TASK PROMPT
Exactly as written, print every line of the listing below and omit its pictures.

DATASET CONTENT
[Start of Attachment]
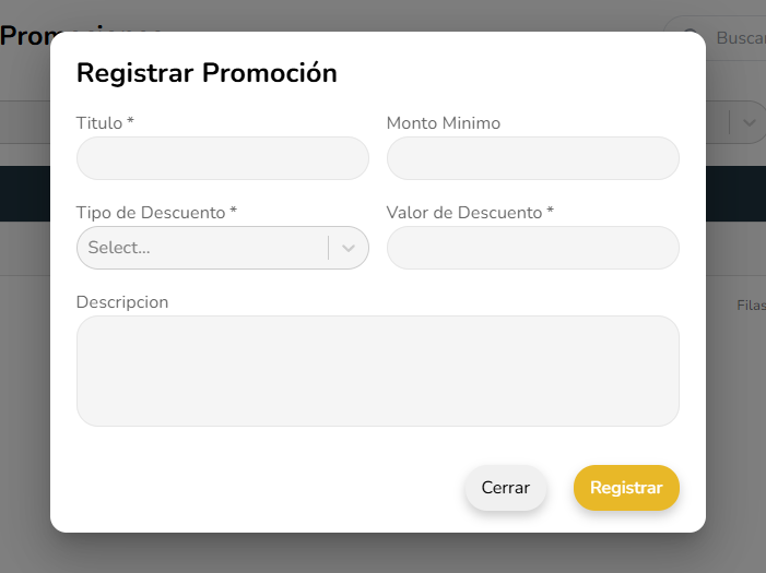 El registro de promocion permite ingresar los datos necesarios para tener promociones para tus ventas
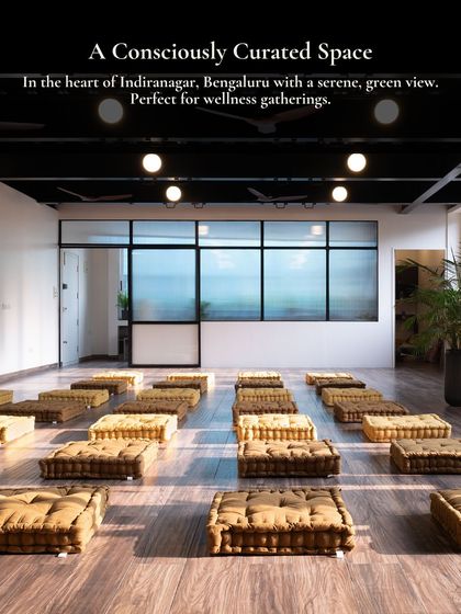 We offer a fully equipped, energetically cleansed wellness space in Indiranagar with flexible seating, unique gear like aerial hammocks and Sonorium, and support for hosting workshops, retreats, and healing sessions.
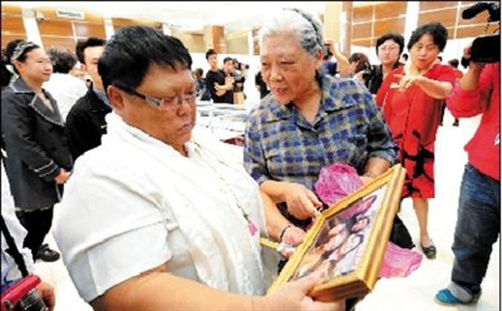 圖:畫展上,鄧林(左)的師姐、畫家吳麗珠女士將她們與李苦禪夫人合影的老照片送給鄧林網絡圖片
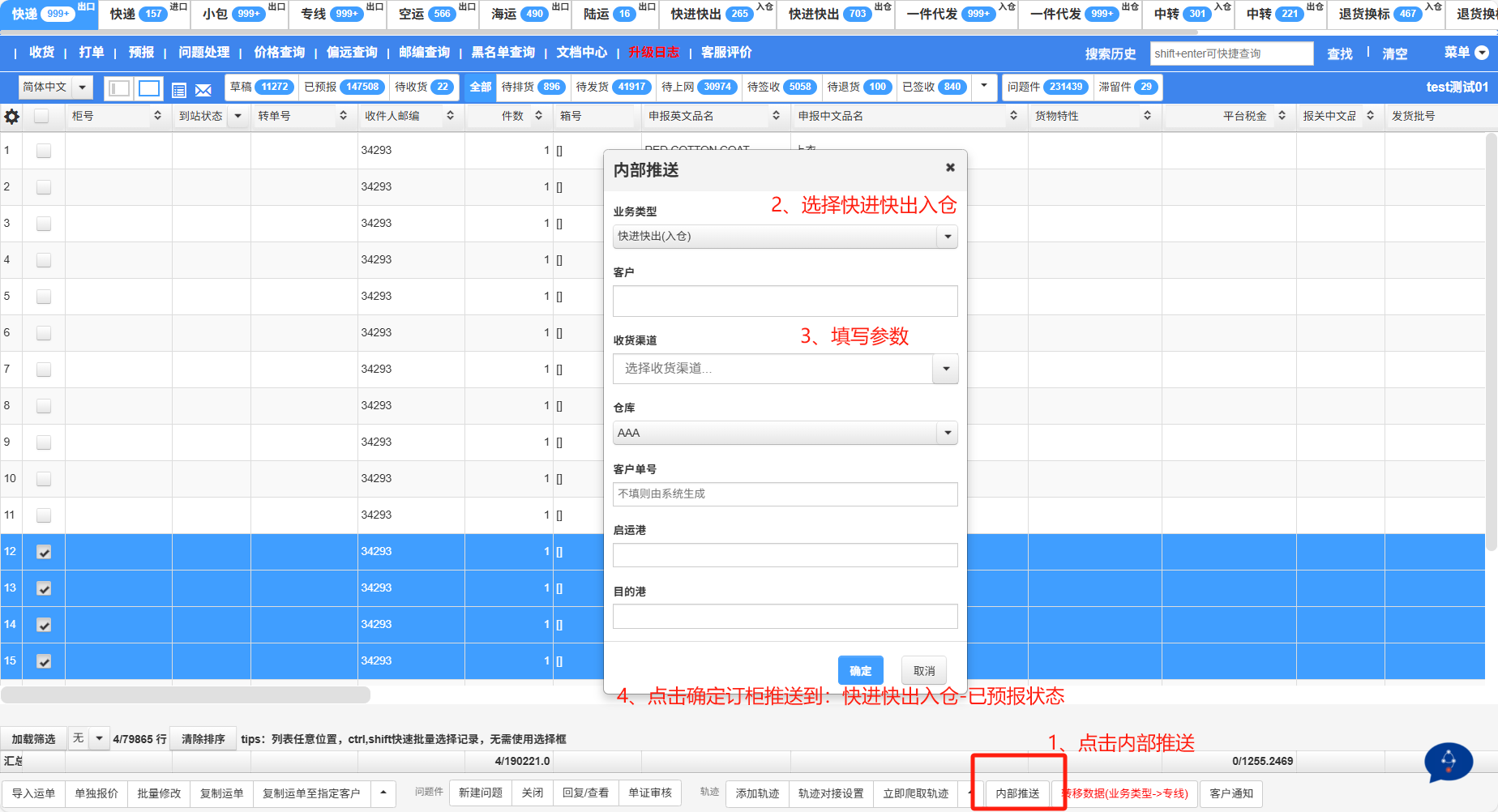 注意:推送将推送至快进快出入仓---
[End of Attachment]
RESULT BELOW
 El registro de promocion permite ingresar los datos necesarios para tener promociones para tus ventas
 We offer a fully equipped, energetically cleansed wellness space in Indiranagar with flexible seating, unique gear like aerial hammocks and Sonorium, and support for hosting workshops, retreats, and healing sessions.
 圖:畫展上,鄧林(左)的師姐、畫家吳麗珠女士將她們與李苦禪夫人合影的老照片送給鄧林網絡圖片
 注意:推送将推送至快进快出入仓---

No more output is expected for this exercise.